Change the Kaggle configuration directory to the current working directory and set permissions for the Kaggle authentication JSON.

In [6]:
os.environ['KAGGLE_CONFIG_DIR'] = os.getcwd()
! chmod 600 kaggle.json

Set the Kaggle Dataset and Download it.

In [7]:
KaggleDatasetPath = "codeinstitute/cherry-leaves"
DestinationFolder = "inputs/datasets/raw"
! kaggle datasets download -d {KaggleDatasetPath} -p {DestinationFolder}

Downloading cherry-leaves.zip to inputs/datasets/raw
100%|█████████████████████████████████████▉| 55.0M/55.0M [00:01<00:00, 44.3MB/s]
100%|██████████████████████████████████████| 55.0M/55.0M [00:01<00:00, 32.0MB/s]


Unzip the file and delete the zip folder.

In [8]:
import zipfile
with zipfile.ZipFile(DestinationFolder + '/cherry-leaves.zip', 'r') as zip_ref:
    zip_ref.extractall(DestinationFolder)

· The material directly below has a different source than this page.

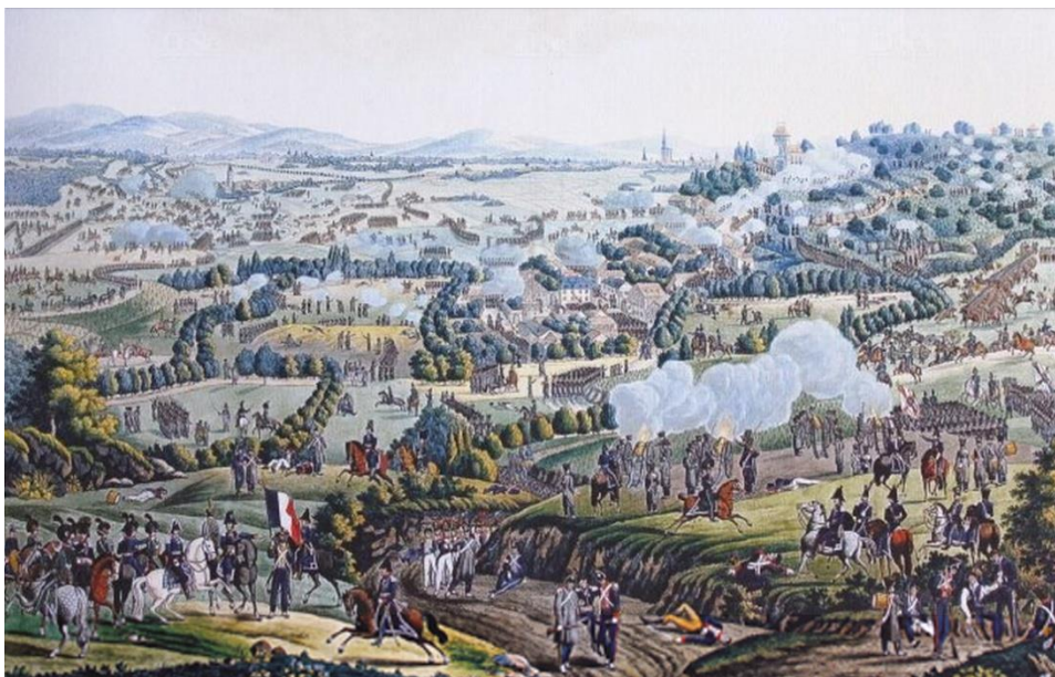
De slag van La Souffel op 28 juni 1815, gravure van A.F. von Perglas en L. Schnell

Het nieuws over de aankomst van Louis XVIII in Parijs bereikte Straatsburg op 13 juli. Een wapenstilstand werd gesloten op 22 juli, met betrekking tot het Rijnleger en tien regionale bolwerken, die elk op hun posities bleven in afwachting van nieuws.

os.remove(DestinationFolder + '/cherry-leaves.zip')

---

# Data preparation

Data cleaning

Check for and remove any non-image files in the folder.

In [9]:
def remove_non_image_file(my_data_dir):
    # Allowed image extensions
    image_extension = ('.png', '.jpg', '.jpeg')
    
    # List all items in the base directory
    folders = os.listdir(my_data_dir)
    
    for folder in folders:
        folder_path = os.path.join(my_data_dir, folder)
        
        # Ensure the item is a directory before processing
        if os.path.isdir(folder_path):
            files = os.listdir(folder_path)
            image_count = 0
            non_image_count = 0
            
            for given_file in files:
                file_path = os.path.join(folder_path, given_file)
                
                # Check if the file has a valid image extension
                if not given_file.lower().endswith(image_extension):
                    os.remove(file_path)  # Remove non-image file
                    non_image_count += 1
                else:
                    image_count += 1
            
            # Print results for each folder
            print(f"Folder: {folder} - has image files: {image_count}")
            print(f"Folder: {folder} - has non-image files: {non_image_count}")

In [10]:
remove_non_image_file(my_data_dir='inputs/datasets/raw/cherry-leaves/healthy')
remove_non_image_file(my_data_dir='inputs/datasets/raw/cherry-leaves/powdery_mildew')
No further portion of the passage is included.